June 17, 2024 at 07:06 am

I believe hands down that Josh Jacobs is the better RB between he and Aaron Jones. Nothing against Jones, who I really like.

While Jacobs & jones are remarkably similar in many advanced stat categories, Jacobs earned his stat totals averaging more defenders in the box (7.2), and against more stacked fronts (35.2%). Conversely, Aaron Jones had a much higher light front carry rate (39.4%).

Jacobs' snap share ranked #5 in his career with 76.8% vs. Jones' #34 career ranking just short of 50%. Jacobs ranked #11 in carries with 233. Jones #38/142.

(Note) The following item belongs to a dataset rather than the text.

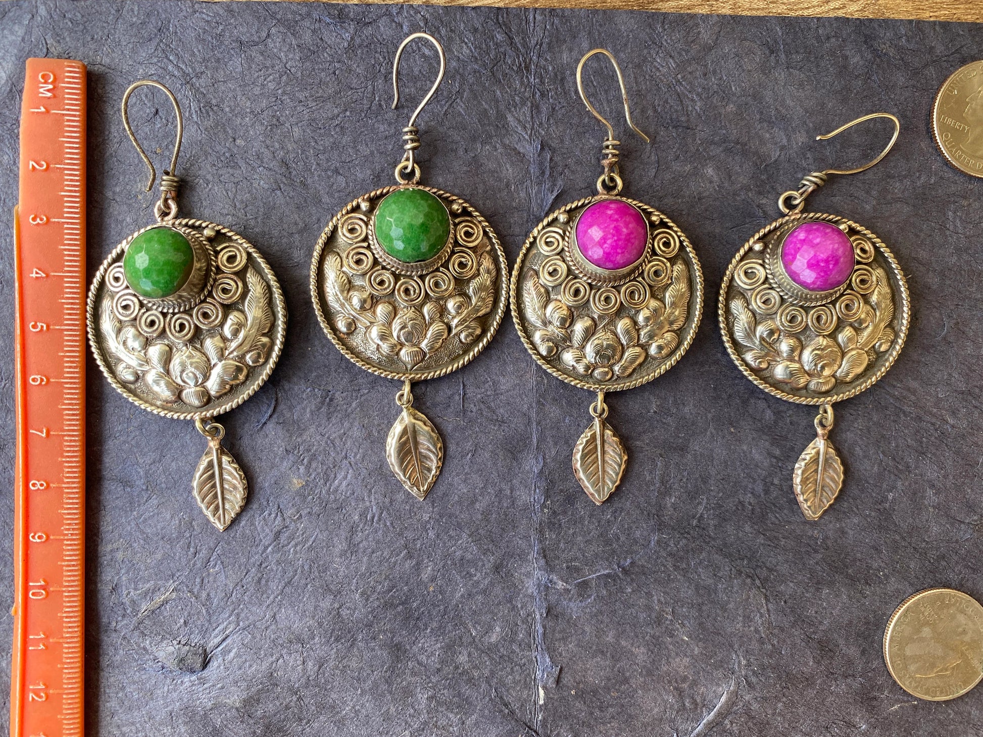Tibetan Designs Earrings, Made with Tibetan Silver & Green Agate or Purple Agate Stone, Tribal Earrings, Bohemian Earrings, Gift for Wife

As a receiver, Jacobs had more targets in the passing game (#19/54 vs. #27/43), with both exhibiting similar efficiency & production totals. Jacobs dominator ranking at #11 (30.2) wins out over Jones' #35 (16.1).

Josh Jacobs is 3 years younger than Aaron Jones, and won AP Offensive Rookie of the Year in 2019 and AP Offensive Player of the Year in 2022 (a season in which he rushed for 1.653 yds, with an astounding 90 forced missed tackles). Jacobs had 1.156 yards after contact!

Jacobs (#28 overall) also edges Jones (#33 Overall) in pass blocking (56.3/50.6) and pass blocking % (19.0/10.8).

Yeah, he's that good... I see Josh Jacobs as a clear upgrade at RB.